▸ **AVAILABLE DATA**
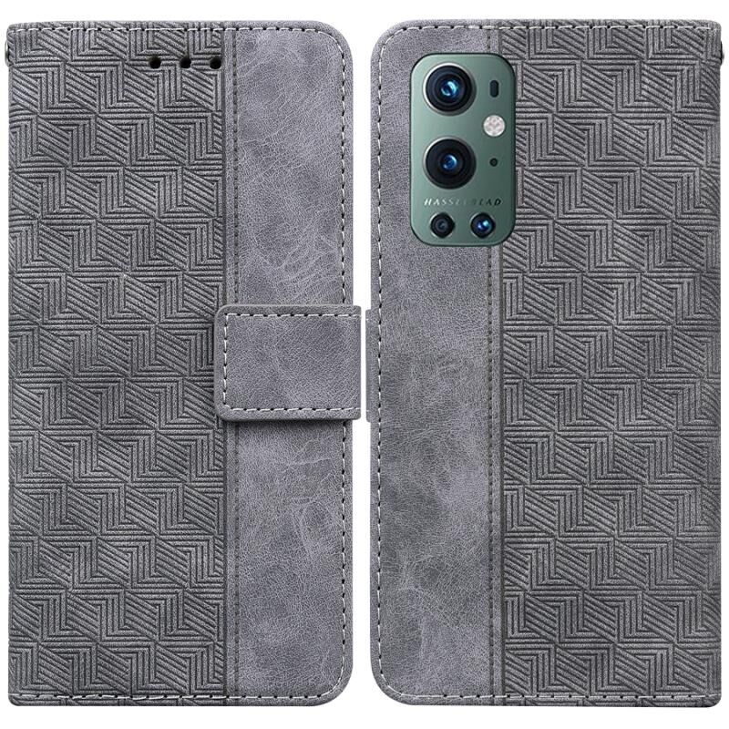 Για OnePlus 9 Pro γεωμετρική ανάγλυφη δερμάτινη θήκη τηλεφώνου (γκρι)
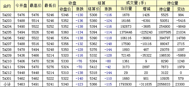 主力TA205合約當日交易走勢
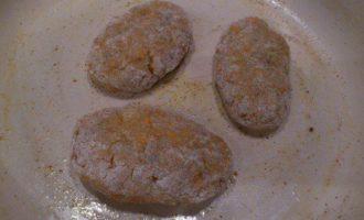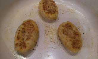 Формируем котлетки, выкладываем на разогретую сковороду, смазанную небольшим количеством масла.
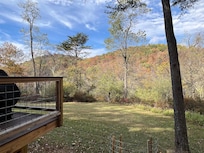 While this cabin is in the mountains, we have a large yard which is perfect for kids running and playing or for your dog to enjoy the free space. There's a great view and a lot of useable land. We also have a new fire pit.
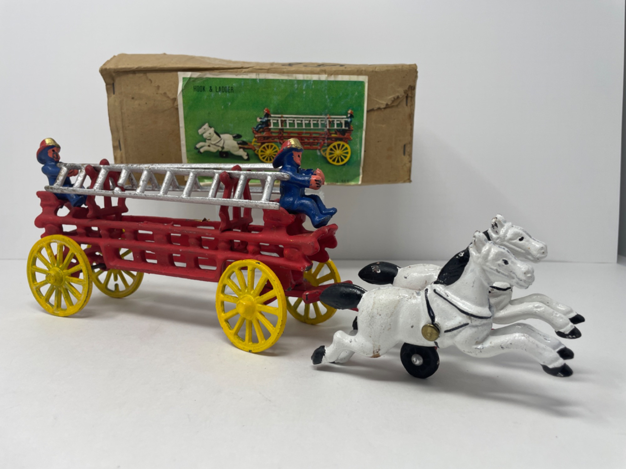 Lot # 146 - Antique Cast Iron Horse Drawn 2 Ladder Fire Wagon Starting Bid: $ 5.00 Bids: This sale will end in: |
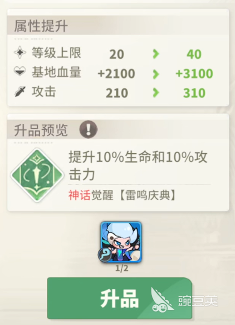 最后再雷震子自身天赋效果上面,大家也是有一个屏障能力可以用的,在雷震子上场之后,被敌人攻击导致自己血量数值下降到40%以下的时候,此时就可以生成一个护盾,这个护盾的效果就是在利用他自身的生命数值,生成其中15%数值的护盾防御,所以在他的生命数值越高的时候,带来的这个护盾可以抗伤的数值就越高,不过在星级比较低的时候,可能这个天赋是只能抵挡boss一招的,面对小怪那防御效果自然 是要好一些的,但是这个天赋因为触发的机制有限制,所以一般触发都是在后半场的时候了,且其中冷却的时间也达到了12秒,所以一定要让雷震子有足够的生存时间在多次用到这个天赋哦。
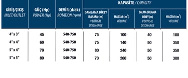 GEREKLİ GÜÇ : 5'' POMPA 70 HP VE ÜZERİ
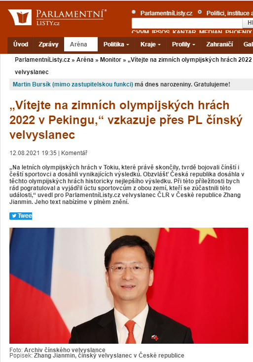 Velvyslanec ČLR v ČR Zhang Jianmin dne 12. srpna 2021 publikoval na webu Parlamentní listy článek Vítejte na zimních olympijských hrách 2022 v Pekingu, ve kterém pogratuloval čínským i českým sportovcům k vynikajícím výsledkům na letních olympijských hrách v Tokiu, představil průběh přípravy pro ZOH 2022 v Pekingu, a popřál sportovcům obou zemí mnoho štěstí na zimních olympijských hrách v Pekingu.Celý text:
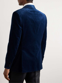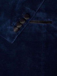 Brioni is considered the tailor to the stars, with an impressive clientele of renowned actors, musicians, athletes and artists. Ideal for the red carpet or an awards ceremony, this tuxedo jacket has been made in Italy from cotton-velvet and is trimmed with satin along the peak lapels, buttons and pockets. Size & Fit - Those who are above 6'1"/ 185cm may wish to take the next size up - Regular cut blazer, tailored for a comfortable fit - Internal shoulder pads - Mid-weight, non-stretchy fabric - Model is shown wearing an IT 50 - Model measures: chest 38"/ 96cm, height 6'1"/ 185cm Details & Care - Blue cotton-velvet, black silk-satin - Peak lapels, padded shoulders, non-functioning buttoned cuffs, chest and two front welt pocket, double vent, two internal pockets, fully lined - One button fastening - 100% cotton; trim: 100% silk; lining1: 100% cupro; lining2: 100% cotton - Dry clean
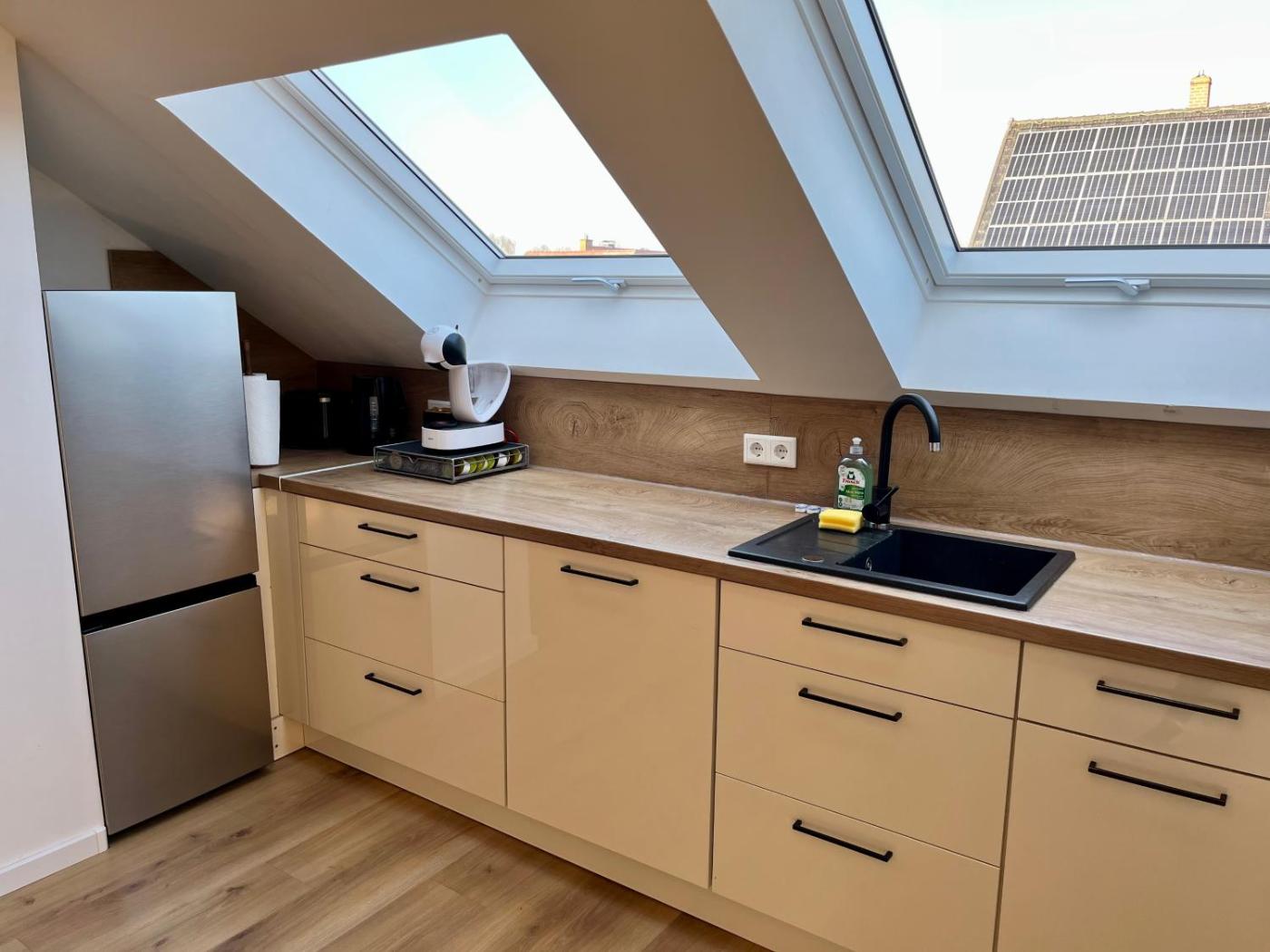 Diese Ferienwohnung besteht aus 1 Schlafzimmer, einem Wohnzimmer, einer voll ausgestatteten Küchenzeile mit einem Kühlschrank und einer Kaffeemaschine sowie 1 Badezimmer mit einer Dusche und einem Haartrockner. In dieser Ferienwohnung werden Handtücher und Bettwäsche zur Verfügung gestellt.
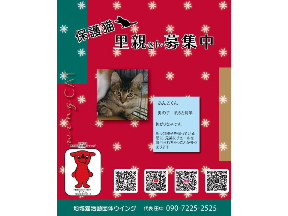 あんこ君達、3匹兄弟は、約4ヶ月半で保護をした為、とても怖がりでしたが、だいぶ馴れて来ました。
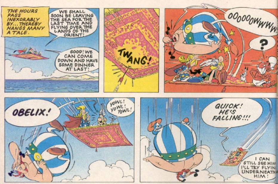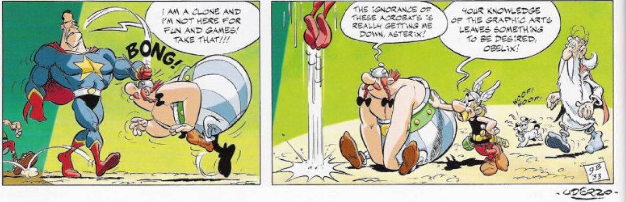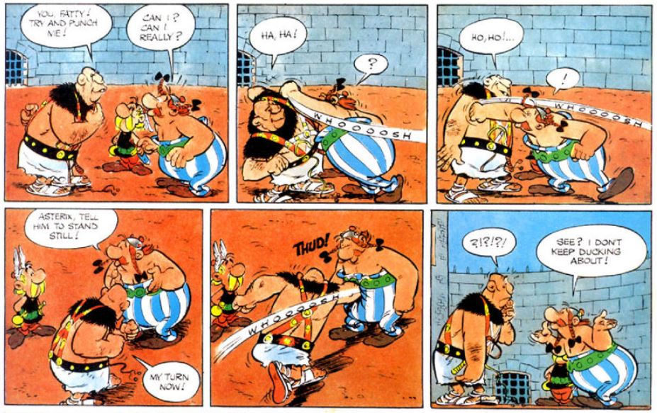 Obélix est clairement incapable de le toucher il lui demande même de rester immobile et est choqué de se faire esquiver à chaque fois, même Astérix lui dit qu'il est lent
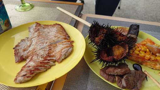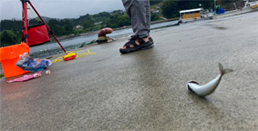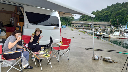 ![]() 港の様子 今年も来ました唐桑半島へ 2泊3日の予定で釣りとBBQと癒しの宿へ 初日は雨でしたが後半は絶好の行楽日和となりました ![]() 雨降る漁港 BBQ&海釣り 到着時は雨が降るも次第に小ぶりとなり 初日からアクセル全開のスタートとなりました ![]() 静かな浜 美味いお酒と! 自然が悪さしようが此処は楽園 海風を受ける肌は心地よく食する物は全て極旨なのです ![]() 隠れ港 宿のご主人 まして休日でも人影が少ない場所だ 小舟が行き交い漁師が下りてくれば気さくに挨拶を交わし! 地元訛りの言葉で談笑を楽しめます 予定の時間となり ご主人が宿まで車を移動してくれる為に迎えに来てくれました ![]() ウニの浜焼き 美味い 翌日は絶好のBBQ日和です 今日の一押しは宿の特別料理ウニの浜焼きだ 贅沢に焼ウニを口に入れると・・・ う~ う~まい 甘く 焼いた香りが 漂い 食感が 舌を走る 上ったばかりの動いてるウニを焼くと 違いを 之ほどまでに味わう事が出来ると感動でした ![]() マグロの刺身 ハラスと焼き物 贅沢はマダマダで~す 此処でしか之は出来ないでしょう? (笑) ![]() 釣れました 生きがいいね~ 釣果で~す (笑) Hiroちゃんの竿にアタリが来ました お~カサゴかな ヤッター と大喜びです ![]() 青空の下で! 素晴らしいBBQ日和 海原のさざ波は心を無にしてくれる優しさがある 何も考えないで眺める視線の先に! ![]() ウニの水揚げ 宿へ帰る 午後になると港が忙しくなってきました 何年も訪れて居ますがウニの水揚げに出会ったのは初めてです 船が帰港して水揚げが始まり 計りにかけて車に積み込む この一連の作業が またたく間に終わる光景は 海の男の根性を垣間見る出来事でした ![]() 大量旗 夕 食 朝 食 宿へ着けば海の幸がテーブルに並んでいます いつもいつも食べきれないくらいのご馳走がいっぱいだ この後も運ばれてくる料理に舌が駆け足で喜ぶのです 本当にいつもご馳走様です ![]() 宿の前(ご主人・お爺ちゃん・お婆ちゃん・Hiroちゃん・Gonちゃん ~ Sei) 3日目の朝 帰る前の様子です なごり惜しむように挨拶を交わし再会を約束しました 此処は唐桑半島 癒しの宿「なぎさ」さんです 年末もお邪魔させて頂きますので宜しくお願い致します ![]() 唐桑半島 唐桑商店 唐桑に来た時は必ず立ち寄ります唐桑商店さんだ 社長さんもスタッフの方々も愛のある接し方に感謝しています この度も美味しい海の幸お土産を頂きまして ありがとうございました 差し入れのマグロの刺身は極上でしたよ~ (笑) 動画をごらんくださいね! 戻る |
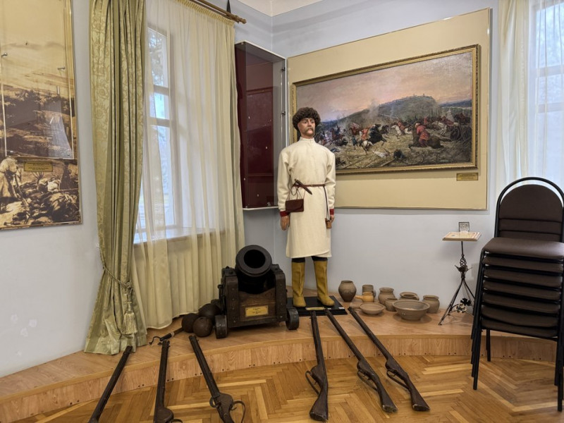 "Вона (ред. – козацька рушниця) гвинтувальна, тобто ствол нарізний, з нього влучно можна було стріляти. Саме отакими мушкетами користувалися запорожці тут під Полтавою 1709 року, коли вони знаходилися в облогових траншеях під Полтавою разом зі своїми союзниками-шведами. Вдень запорожець-снайпер вбивав по кілька московитів з отакої ось рушниці гвинтувальної", — прокоментував науковий співробітник Сергій Макаренко.
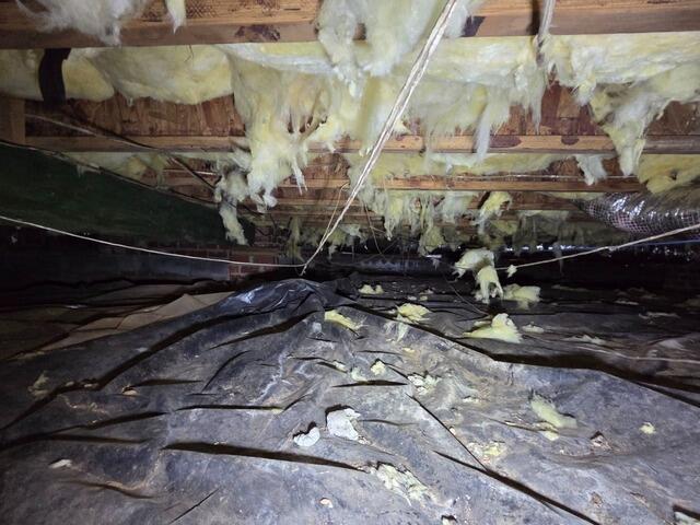 This Greensboro, NC crawl space was showing clear signs of moisture issues, including falling insulation, exposed ground, and an ineffective plastic liner that allowed humidity to linger. Excess moisture in crawl spaces can lead to mold growth, wood rot, poor air quality, and rising energy costs.
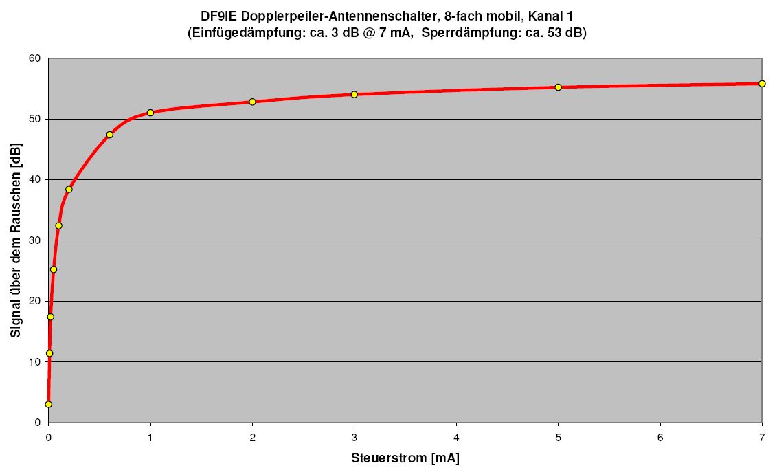 Bei meinem Antennenumschalter (mit PIN-Dioden) habe ich eine Einfügedämpfung von ca. 3 dB bzw. eine Sperrdämpfung von ca. 53 dB (@ 0 V) gemessen.
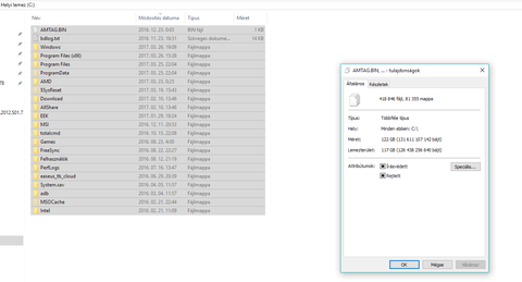 Megnyitni persze ott sem engedi, és a mappa mérete sem egyezik, de tuti ez lesz a ludas a maga 113GB-os méretével... Viszont ezt meg gondolom nem tanácsos csak úgy törölgetni, hátha nem indul el a rendszer a következő restart alkalmával.
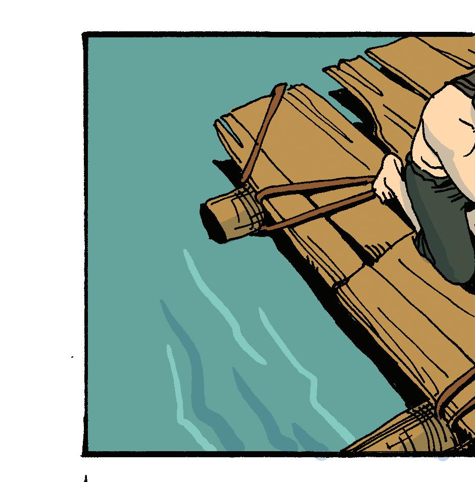 Then I began to go back to the shore. The ship’s dog swam with me. The raft moved very easily because the tide was going toward the shore. It took me to the mouth of a little river.
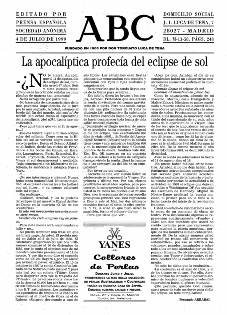 -Abra los ojos. Arrabal: el día de su cumpleaños habrá un eclipse cuyas consecuencias anunció él profeta en la cuarteta «II.34».
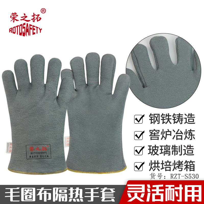 栄之拓2032625耐高温250オーブン防護手袋断熱耐摩耗滑り止め工業労働保毛輪綿
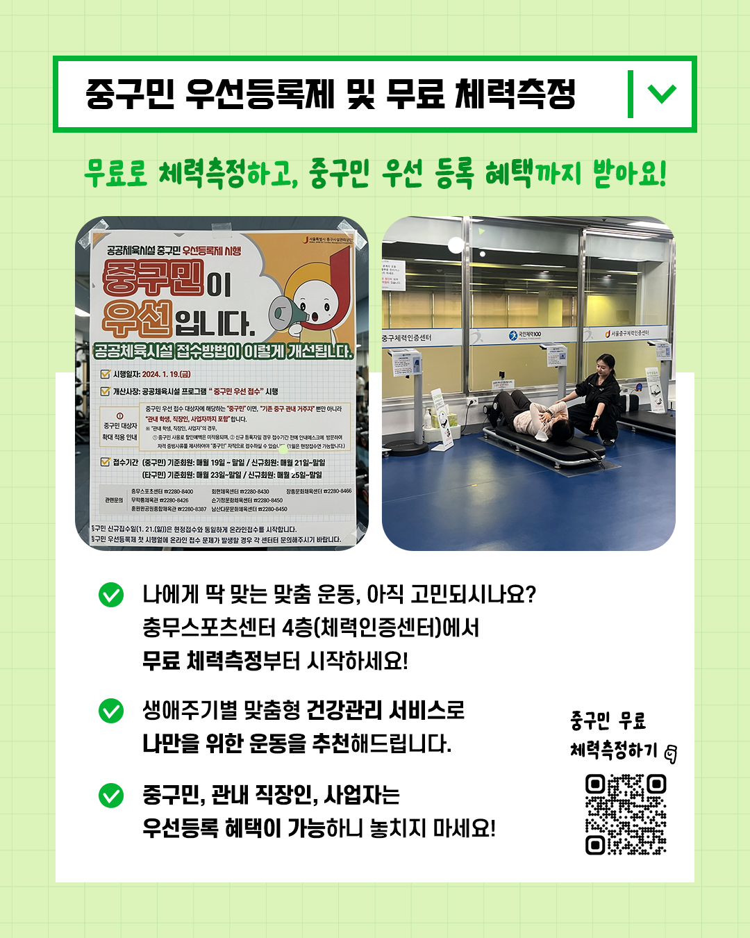 - 중구민 우선입니다 무료 체력측정으로, 공공체육시설 우선 등록

▸ **HOW TO COMPLETE THIS TASK**
Starting with the first line of the data above and ending with the line containing "Brioni is considered", please restate every line exactly, leaving images out.

▸ **EXERCISE ANSWER**
 Για OnePlus 9 Pro γεωμετρική ανάγλυφη δερμάτινη θήκη τηλεφώνου (γκρι)
 主力TA205合約當日交易走勢
 Формируем котлетки, выкладываем на разогретую сковороду, смазанную небольшим количеством масла.
 While this cabin is in the mountains, we have a large yard which is perfect for kids running and playing or for your dog to enjoy the free space. There's a great view and a lot of useable land. We also have a new fire pit.
 Lot # 146 - Antique Cast Iron Horse Drawn 2 Ladder Fire Wagon Starting Bid: $ 5.00 Bids: This sale will end in: |
 最后再雷震子自身天赋效果上面,大家也是有一个屏障能力可以用的,在雷震子上场之后,被敌人攻击导致自己血量数值下降到40%以下的时候,此时就可以生成一个护盾,这个护盾的效果就是在利用他自身的生命数值,生成其中15%数值的护盾防御,所以在他的生命数值越高的时候,带来的这个护盾可以抗伤的数值就越高,不过在星级比较低的时候,可能这个天赋是只能抵挡boss一招的,面对小怪那防御效果自然 是要好一些的,但是这个天赋因为触发的机制有限制,所以一般触发都是在后半场的时候了,且其中冷却的时间也达到了12秒,所以一定要让雷震子有足够的生存时间在多次用到这个天赋哦。
 GEREKLİ GÜÇ : 5'' POMPA 70 HP VE ÜZERİ
 Velvyslanec ČLR v ČR Zhang Jianmin dne 12. srpna 2021 publikoval na webu Parlamentní listy článek Vítejte na zimních olympijských hrách 2022 v Pekingu, ve kterém pogratuloval čínským i českým sportovcům k vynikajícím výsledkům na letních olympijských hrách v Tokiu, představil průběh přípravy pro ZOH 2022 v Pekingu, a popřál sportovcům obou zemí mnoho štěstí na zimních olympijských hrách v Pekingu.Celý text:
 Brioni is considered the tailor to the stars, with an impressive clientele of renowned actors, musicians, athletes and artists. Ideal for the red carpet or an awards ceremony, this tuxedo jacket has been made in Italy from cotton-velvet and is trimmed with satin along the peak lapels, buttons and pockets. Size & Fit - Those who are above 6'1"/ 185cm may wish to take the next size up - Regular cut blazer, tailored for a comfortable fit - Internal shoulder pads - Mid-weight, non-stretchy fabric - Model is shown wearing an IT 50 - Model measures: chest 38"/ 96cm, height 6'1"/ 185cm Details & Care - Blue cotton-velvet, black silk-satin - Peak lapels, padded shoulders, non-functioning buttoned cuffs, chest and two front welt pocket, double vent, two internal pockets, fully lined - One button fastening - 100% cotton; trim: 100% silk; lining1: 100% cupro; lining2: 100% cotton - Dry clean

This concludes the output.